- Records from a collection

-----

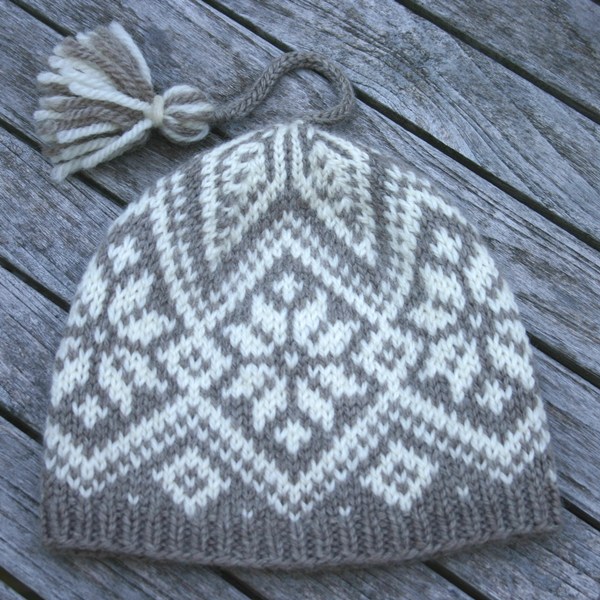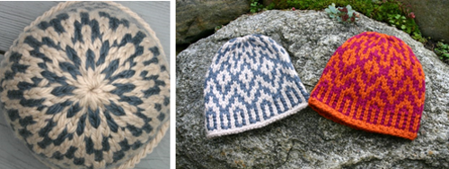 The Wintergarden Hat, which coordinates with the Wintergarden Pullover, above, is a circularly knit, stranded knitting design using simple, classic Norwegian and Fair Isle motifs to produce a stunning effect with little effort.
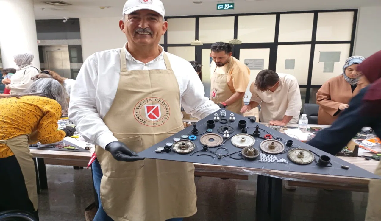 Konya Teknik Üniversitesi’nin sıfır atık bilincini yaymak amacıyla düzenlediği etkinlik kapsamında, Teknik Bilimler Meslek Yüksekokulu Öğretim Üyesi Prof. Dr. Yağmur Küçükbezirci, atıklardan yaptığı eserlerini sergiledi.
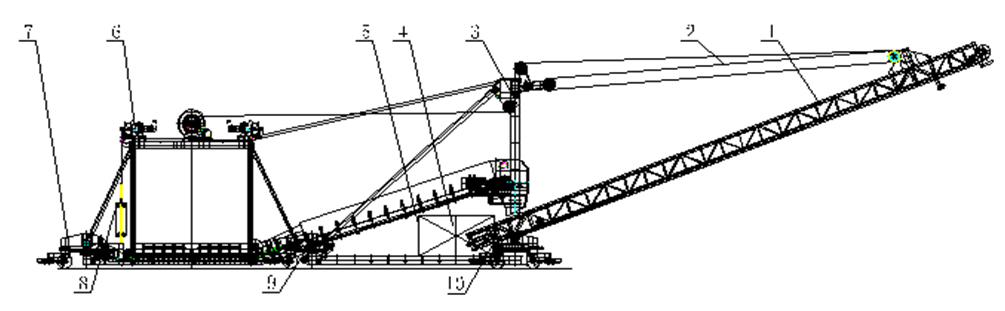 1. belt conveyor system, 2. arm frame pitching system, 3. metal structure, 4. diesel engine unit, 5. electrical system, 6. upper train and door frame, 7. walking mechanism, 8. counterweight system, 9. hydraulic system, 10. arm frame rotary mechanism.
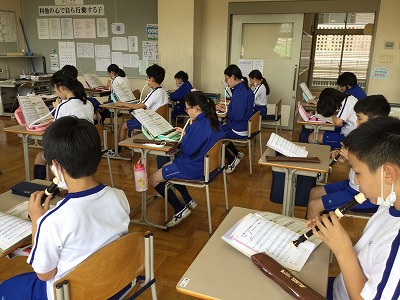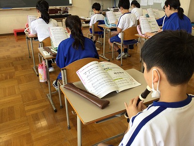 今日は、教室でリコーダーのメロディ奏や鍵盤ハーモニカを使った低音伴奏のパートを練習しました。
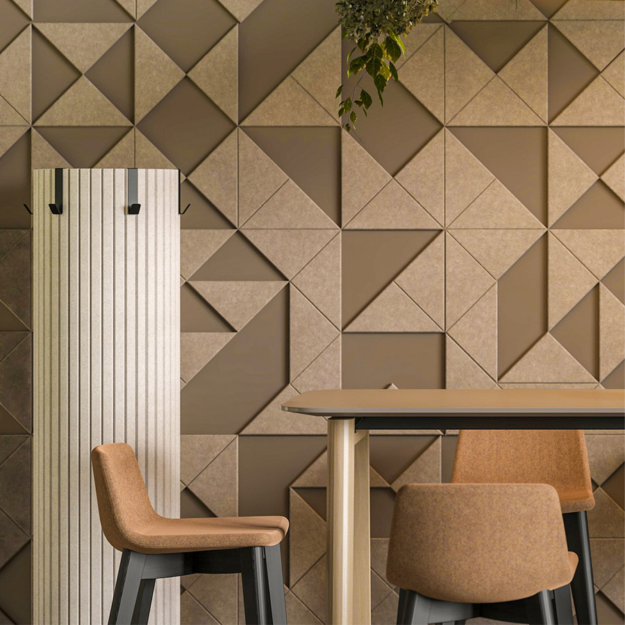 Im Zentrum des Designs steht ein architektonisches Element mit Symbolkraft: die skulpturale, zylindrische Mittelsäule, inspiriert von klassischen Säulenformen, die Stärke und Stabilität verkörpern. Diese wird modern interpretiert und mit PET-Filz ummantelt, dessen vertikale Struktur sowohl visuelle Tiefe als auch akustischen Mehrwert schafft.
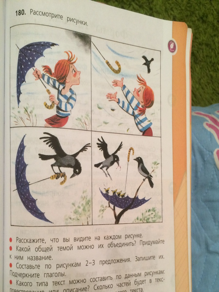 Маша гуляла с зонтиком. Вдруг к ней подлетела ворона, она схватила зонтик. Ворона полетела с ним на дерево и положила как гнездо. Туда поселилась воронья семья.
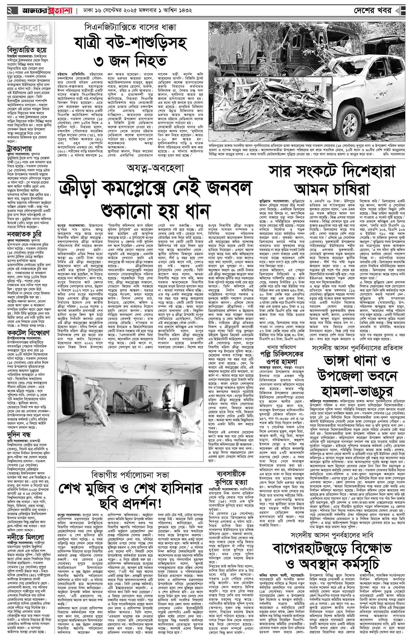 বর্ষ ৩৩ সংখ্যা ১৩৮ Page: 2 September 16, 2025 মঙ্গলবার ১৬ সেপ্টেম্বর ২০২৫ ঢাকা ১ আশ্বিন ১৪৩২ বঙ্গাব্দ ২২ রবিউল আউয়াল ১৪৪৭ রেজি.নং-ডিএ-১৩৯৯ Page 1Page 2Page 3Page 4Page 5Page 6Page 7Page 8 Thumbnails × বর্ষ ৩৩ সংখ্যা ১৩৮ পৃষ্ঠা-১।-প্রথম-পাতাপৃষ্ঠা-২।-দেশের-খবরপৃষ্ঠা-৩।-বিদেশের-খবরপৃষ্ঠা-৪।-উপ-সম্পাদকীয়-পৃষ্ঠা-৫।-লাইফস্টাইলপৃষ্ঠা-৬।-খেলাধুলাপৃষ্ঠা-৭।-খবরপৃষ্ঠা-৮।-শেষের-পাতা << First << 1 2 >> Last >> Hide পৃষ্ঠা-১।-প্রথম-পাতাপৃষ্ঠা-২।-দেশের-খবরপৃষ্ঠা-৩।-বিদেশের-খবরপৃষ্ঠা-৪।-উপ-সম্পাদকীয়-পৃষ্ঠা-৫।-লাইফস্টাইলপৃষ্ঠা-৬।-খেলাধুলাপৃষ্ঠা-৭।-খবরপৃষ্ঠা-৮।-শেষের-পাতা পৃষ্ঠা-২।-দেশের-খবর
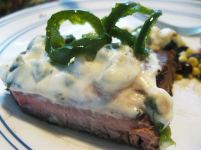 I’m not done yet. I chopped a few jalapenos to stir into the cream cheese and placed a dollop on top of my steak a couple minutes before I took it off the grill. Talk about an added layer of YUM!
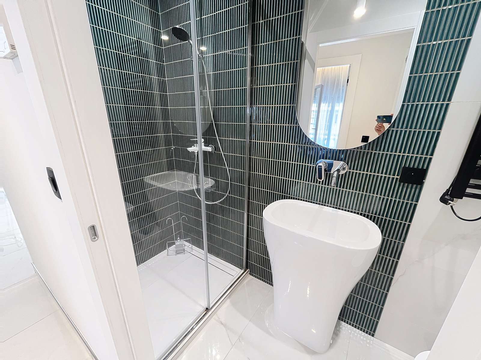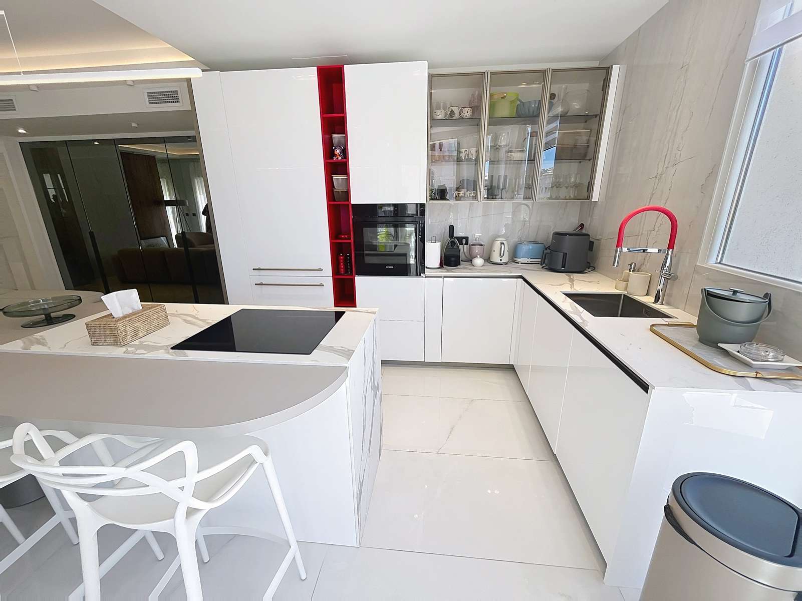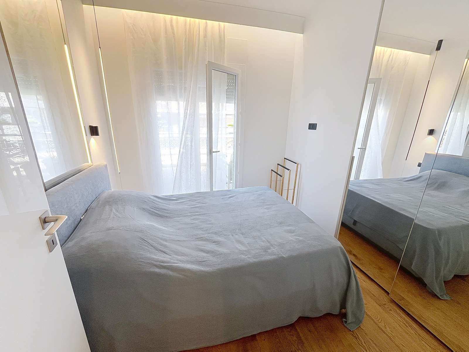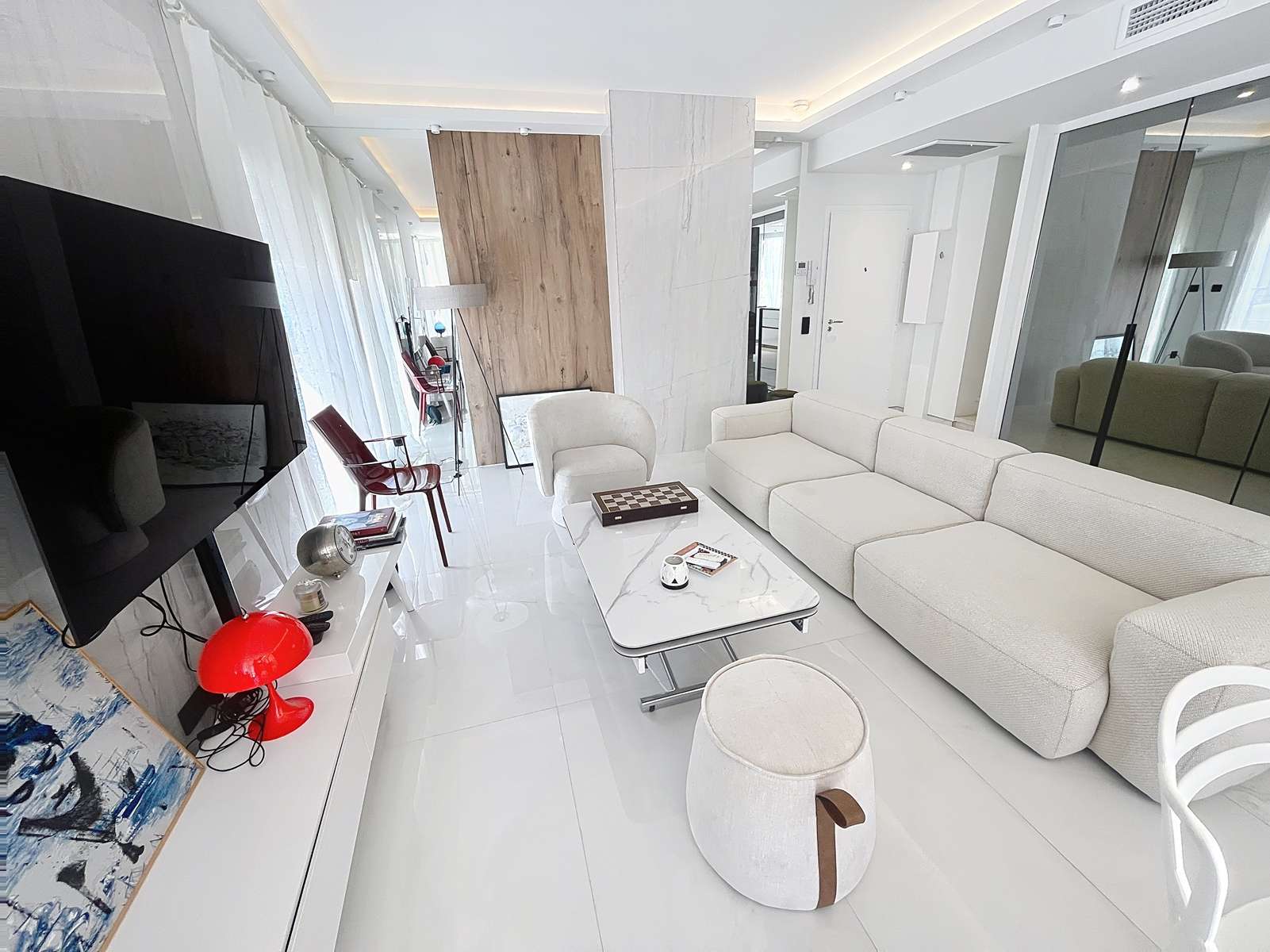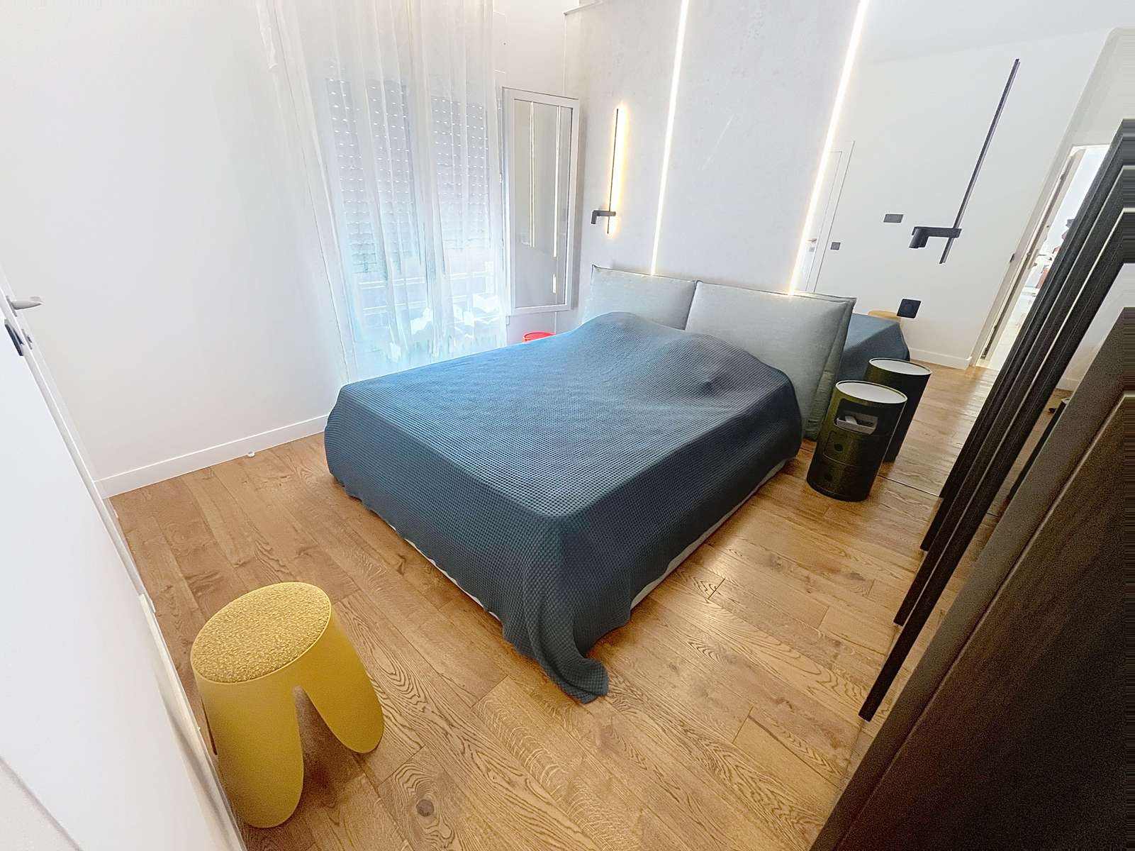 Recently refurbished with modern décor and high-quality finishes, the spacious living room opens to a balcony and includes an open-plan kitchen fully equipped with premium appliances. Every room has direct access to the balcony, enhancing the sense of light and space.

-----

- WHAT YOU NEED TO DO
Could you retype all the entries above exactly, without the pictures?

- EXERCISE SOLUTION
 The Wintergarden Hat, which coordinates with the Wintergarden Pullover, above, is a circularly knit, stranded knitting design using simple, classic Norwegian and Fair Isle motifs to produce a stunning effect with little effort.
 Konya Teknik Üniversitesi’nin sıfır atık bilincini yaymak amacıyla düzenlediği etkinlik kapsamında, Teknik Bilimler Meslek Yüksekokulu Öğretim Üyesi Prof. Dr. Yağmur Küçükbezirci, atıklardan yaptığı eserlerini sergiledi.
 1. belt conveyor system, 2. arm frame pitching system, 3. metal structure, 4. diesel engine unit, 5. electrical system, 6. upper train and door frame, 7. walking mechanism, 8. counterweight system, 9. hydraulic system, 10. arm frame rotary mechanism.
 今日は、教室でリコーダーのメロディ奏や鍵盤ハーモニカを使った低音伴奏のパートを練習しました。
 Im Zentrum des Designs steht ein architektonisches Element mit Symbolkraft: die skulpturale, zylindrische Mittelsäule, inspiriert von klassischen Säulenformen, die Stärke und Stabilität verkörpern. Diese wird modern interpretiert und mit PET-Filz ummantelt, dessen vertikale Struktur sowohl visuelle Tiefe als auch akustischen Mehrwert schafft.
 Маша гуляла с зонтиком. Вдруг к ней подлетела ворона, она схватила зонтик. Ворона полетела с ним на дерево и положила как гнездо. Туда поселилась воронья семья.
 বর্ষ ৩৩ সংখ্যা ১৩৮ Page: 2 September 16, 2025 মঙ্গলবার ১৬ সেপ্টেম্বর ২০২৫ ঢাকা ১ আশ্বিন ১৪৩২ বঙ্গাব্দ ২২ রবিউল আউয়াল ১৪৪৭ রেজি.নং-ডিএ-১৩৯৯ Page 1Page 2Page 3Page 4Page 5Page 6Page 7Page 8 Thumbnails × বর্ষ ৩৩ সংখ্যা ১৩৮ পৃষ্ঠা-১।-প্রথম-পাতাপৃষ্ঠা-২।-দেশের-খবরপৃষ্ঠা-৩।-বিদেশের-খবরপৃষ্ঠা-৪।-উপ-সম্পাদকীয়-পৃষ্ঠা-৫।-লাইফস্টাইলপৃষ্ঠা-৬।-খেলাধুলাপৃষ্ঠা-৭।-খবরপৃষ্ঠা-৮।-শেষের-পাতা << First << 1 2 >> Last >> Hide পৃষ্ঠা-১।-প্রথম-পাতাপৃষ্ঠা-২।-দেশের-খবরপৃষ্ঠা-৩।-বিদেশের-খবরপৃষ্ঠা-৪।-উপ-সম্পাদকীয়-পৃষ্ঠা-৫।-লাইফস্টাইলপৃষ্ঠা-৬।-খেলাধুলাপৃষ্ঠা-৭।-খবরপৃষ্ঠা-৮।-শেষের-পাতা পৃষ্ঠা-২।-দেশের-খবর
 I’m not done yet. I chopped a few jalapenos to stir into the cream cheese and placed a dollop on top of my steak a couple minutes before I took it off the grill. Talk about an added layer of YUM!
 Recently refurbished with modern décor and high-quality finishes, the spacious living room opens to a balcony and includes an open-plan kitchen fully equipped with premium appliances. Every room has direct access to the balcony, enhancing the sense of light and space.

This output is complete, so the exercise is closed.